### Task prompt:
The answer is the data repeated in full, with no pictures included.

### Dataset content:
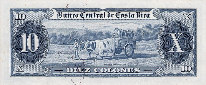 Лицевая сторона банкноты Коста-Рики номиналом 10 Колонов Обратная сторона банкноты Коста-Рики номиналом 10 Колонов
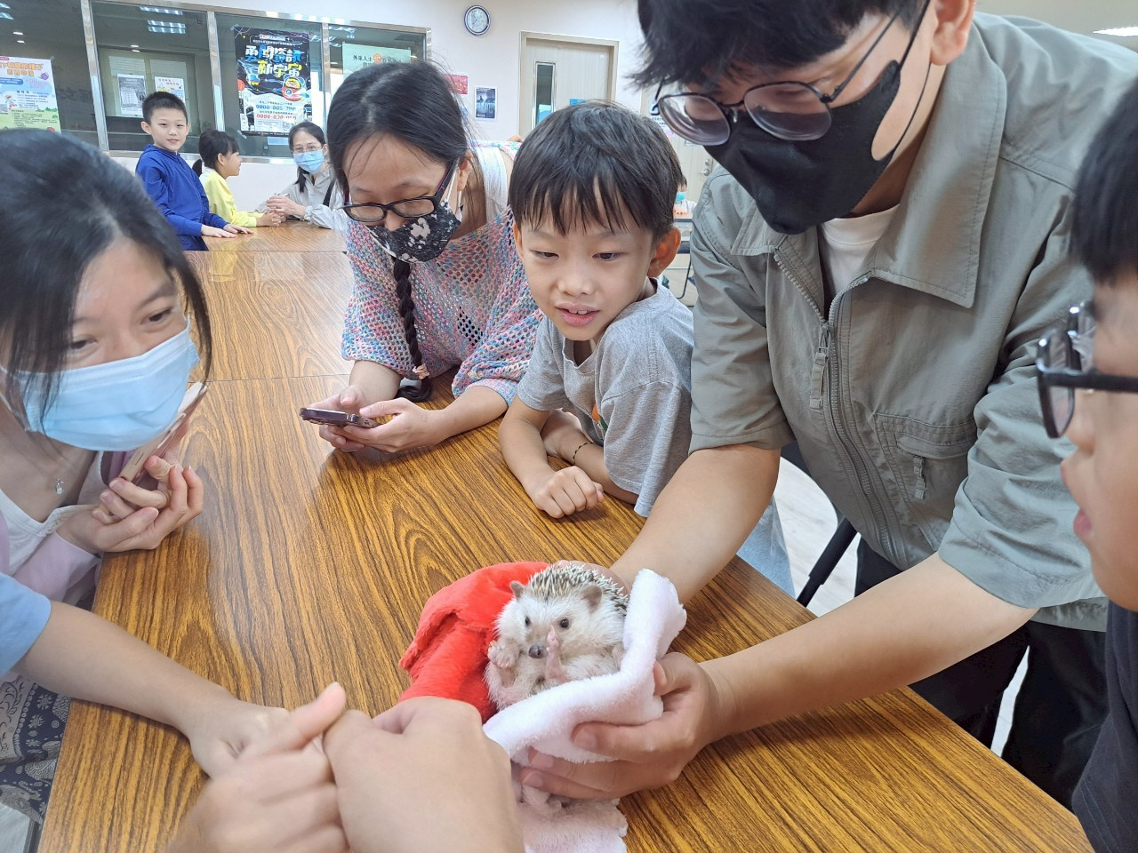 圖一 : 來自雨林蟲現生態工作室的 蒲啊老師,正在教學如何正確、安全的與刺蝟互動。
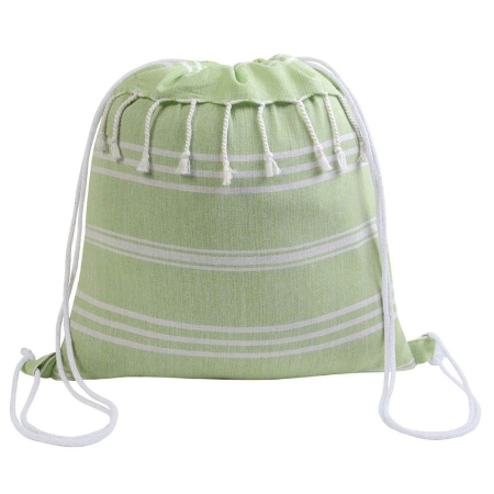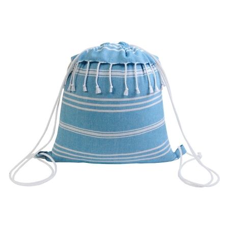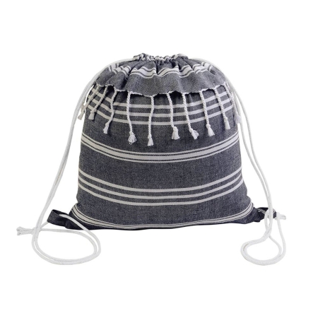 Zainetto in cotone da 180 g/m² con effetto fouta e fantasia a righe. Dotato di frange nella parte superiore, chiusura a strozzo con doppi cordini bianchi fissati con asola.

### Result below:
 Лицевая сторона банкноты Коста-Рики номиналом 10 Колонов Обратная сторона банкноты Коста-Рики номиналом 10 Колонов
 圖一 : 來自雨林蟲現生態工作室的 蒲啊老師,正在教學如何正確、安全的與刺蝟互動。
 Zainetto in cotone da 180 g/m² con effetto fouta e fantasia a righe. Dotato di frange nella parte superiore, chiusura a strozzo con doppi cordini bianchi fissati con asola.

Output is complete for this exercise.